## MATERIAL PROVIDED
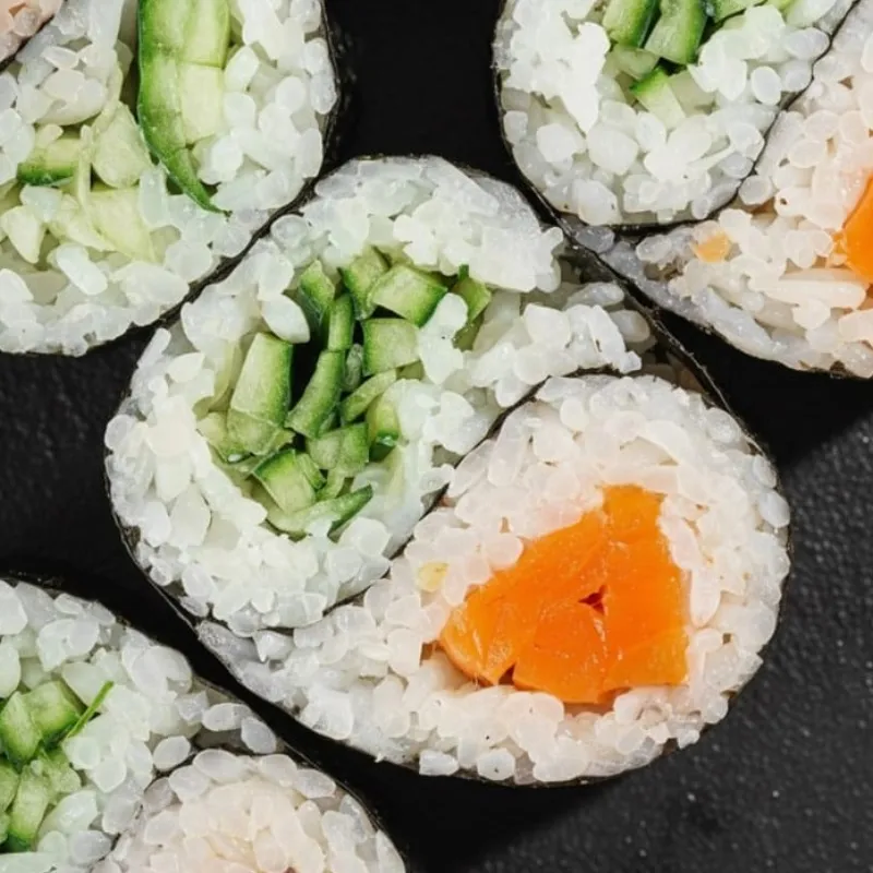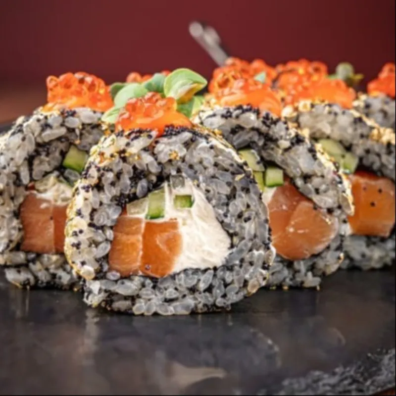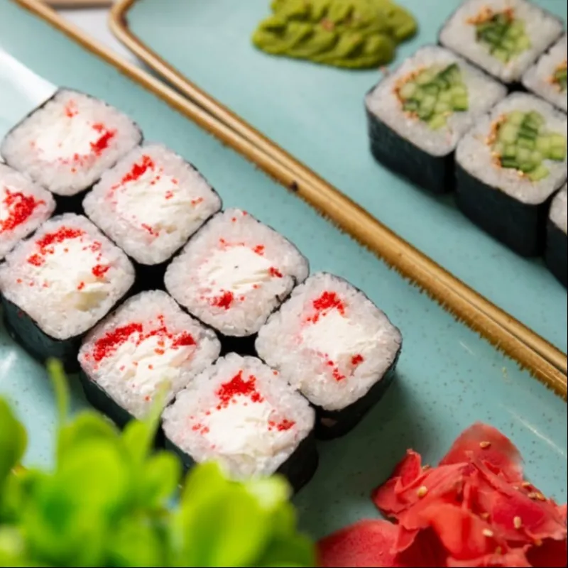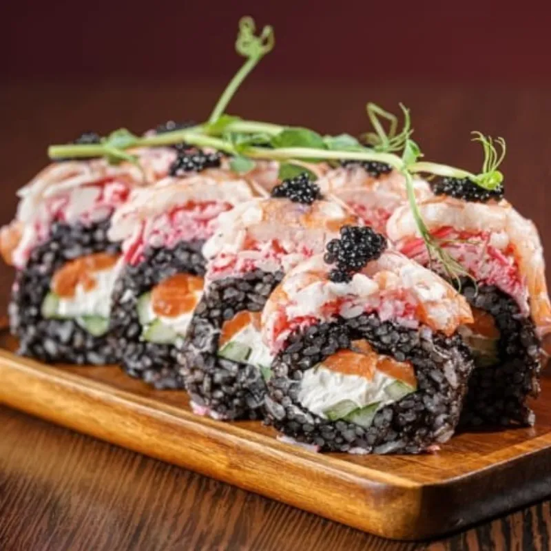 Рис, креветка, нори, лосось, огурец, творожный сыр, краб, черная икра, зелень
...
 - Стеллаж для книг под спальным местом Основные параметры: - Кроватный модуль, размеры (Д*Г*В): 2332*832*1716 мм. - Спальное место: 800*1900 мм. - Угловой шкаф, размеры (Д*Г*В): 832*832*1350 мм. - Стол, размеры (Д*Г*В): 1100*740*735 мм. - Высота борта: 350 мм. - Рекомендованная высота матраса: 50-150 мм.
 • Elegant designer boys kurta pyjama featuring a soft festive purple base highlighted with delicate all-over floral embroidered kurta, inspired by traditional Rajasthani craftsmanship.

## WORK ITEM
Among the records above, extract exactly the lines from the line with "- Стеллаж для" to the line with "traditional Rajasthani craftsmanship.", both lines included, and leave out the rest.

## COMPLETED TASK
 - Стеллаж для книг под спальным местом Основные параметры: - Кроватный модуль, размеры (Д*Г*В): 2332*832*1716 мм. - Спальное место: 800*1900 мм. - Угловой шкаф, размеры (Д*Г*В): 832*832*1350 мм. - Стол, размеры (Д*Г*В): 1100*740*735 мм. - Высота борта: 350 мм. - Рекомендованная высота матраса: 50-150 мм.
 • Elegant designer boys kurta pyjama featuring a soft festive purple base highlighted with delicate all-over floral embroidered kurta, inspired by traditional Rajasthani craftsmanship.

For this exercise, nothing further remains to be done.